* _Task objective_
Pictures within the data are to be left out; everything else must be reproduced exactly.

* _Source material_
((

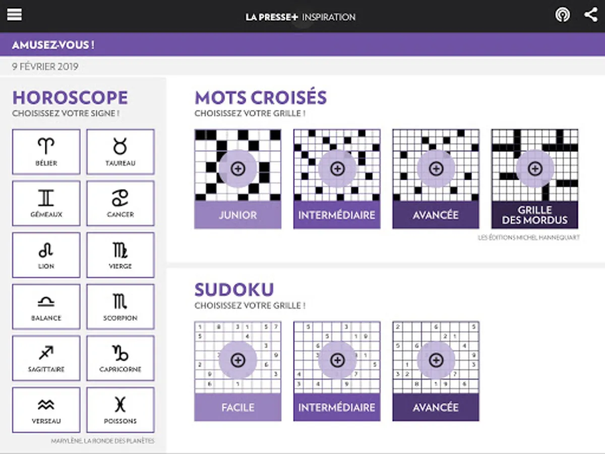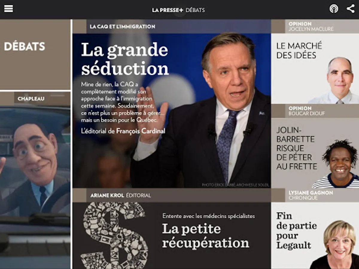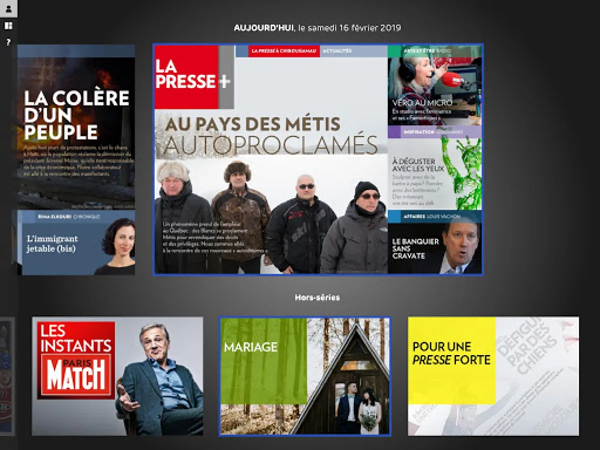 Get your daily news through different sections such as News, Business, International, Sports, Talk, Arts and Being and more. The largest independent French-language newsroom in North America offers in-depth and diverse news coverage. The digital edition for tablets of La Presse highlights the depth of the texts and offers a rich, immersive and engaging experience thanks to images, interactive graphics, videos and photo galleries.
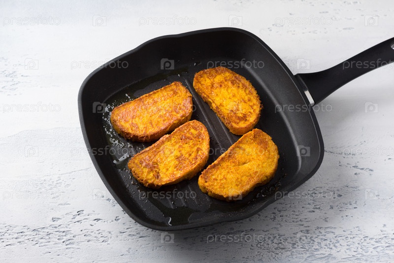 Сладкие жареные тыквенные тосты с имбирем и корицей на сковороде на светло-голубом столе, вид сверху. Этап приготовления
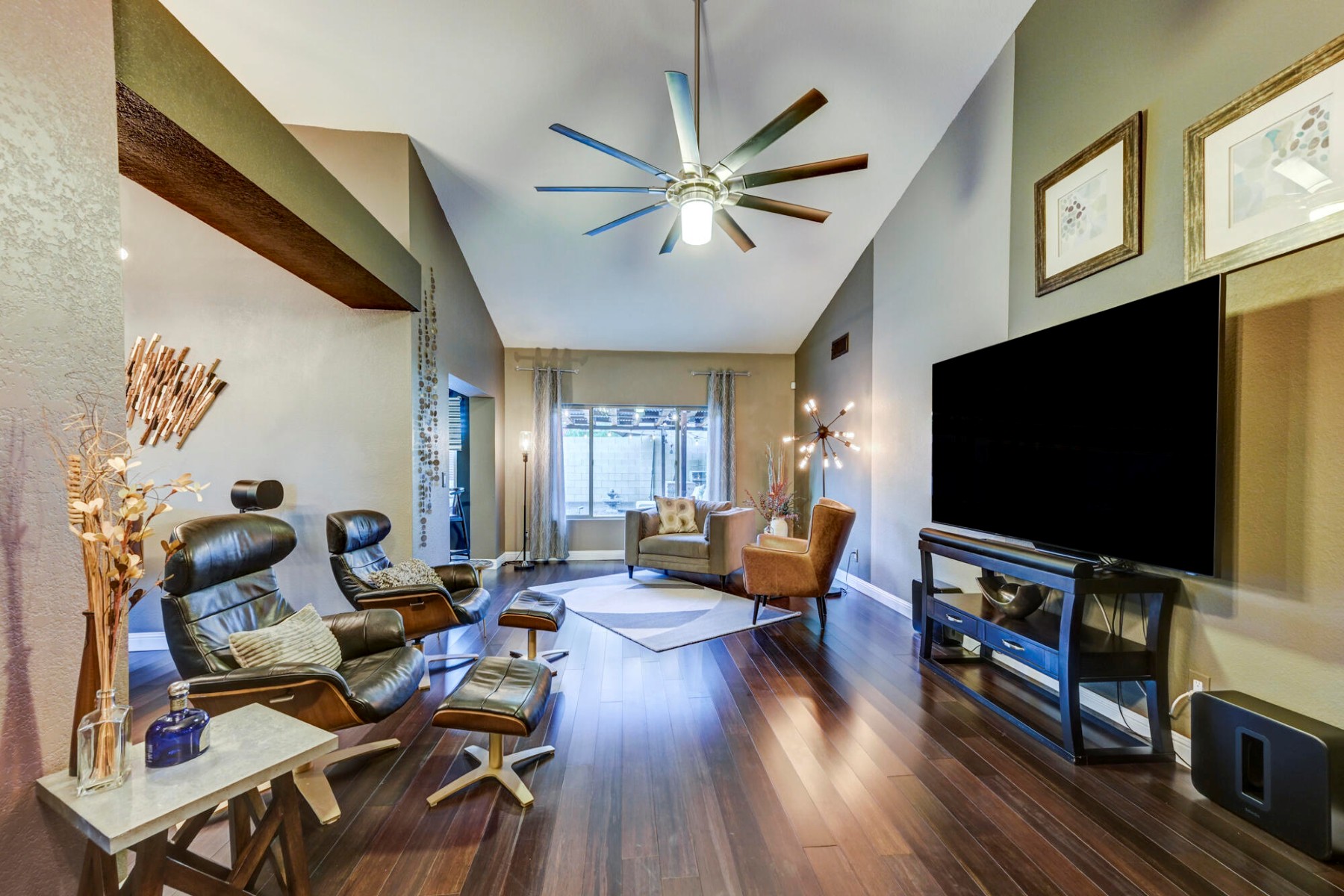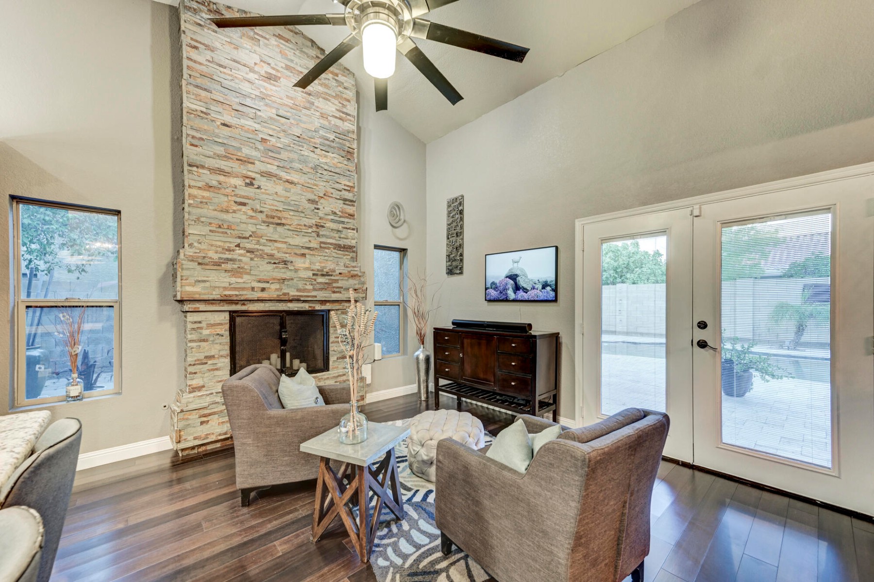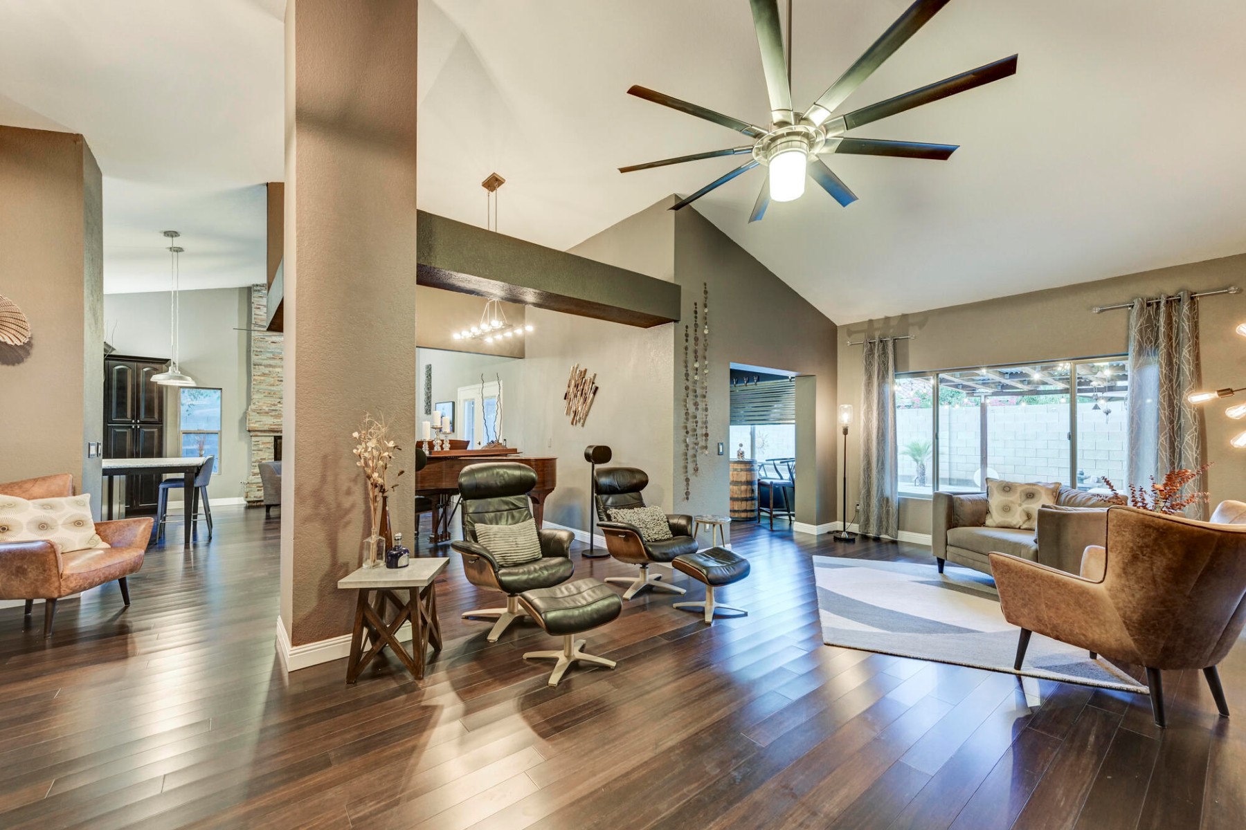 NO HOA in Tempe! Seller Open to Interior paint allowance. Discover the perfect blend of comfort and charm in this warm and inviting single-level 3-bedroom, 2-bath home. Vaulted ceilings and rich bamboo wood flooring create an open, airy feel, while the eat-in kitchen with breakfast bar seamlessly connects to the great room--making gatherings with family and friends effortless. Retreat to the serene primary suite, complete with a beautifully updated ensuite and spacious walk-in closet. Two additional bedrooms offer flexibility for guests, family, or a home office. Step outside and experience true Arizona living in your private north-facing backyard oasis--featuring a sparkling pool, expansive covered patio, and built-in BBQ--ideal for weekend entertaining or quiet evenings under the stars.

))

* _Answer section_
 Get your daily news through different sections such as News, Business, International, Sports, Talk, Arts and Being and more. The largest independent French-language newsroom in North America offers in-depth and diverse news coverage. The digital edition for tablets of La Presse highlights the depth of the texts and offers a rich, immersive and engaging experience thanks to images, interactive graphics, videos and photo galleries.
 Сладкие жареные тыквенные тосты с имбирем и корицей на сковороде на светло-голубом столе, вид сверху. Этап приготовления
 NO HOA in Tempe! Seller Open to Interior paint allowance. Discover the perfect blend of comfort and charm in this warm and inviting single-level 3-bedroom, 2-bath home. Vaulted ceilings and rich bamboo wood flooring create an open, airy feel, while the eat-in kitchen with breakfast bar seamlessly connects to the great room--making gatherings with family and friends effortless. Retreat to the serene primary suite, complete with a beautifully updated ensuite and spacious walk-in closet. Two additional bedrooms offer flexibility for guests, family, or a home office. Step outside and experience true Arizona living in your private north-facing backyard oasis--featuring a sparkling pool, expansive covered patio, and built-in BBQ--ideal for weekend entertaining or quiet evenings under the stars.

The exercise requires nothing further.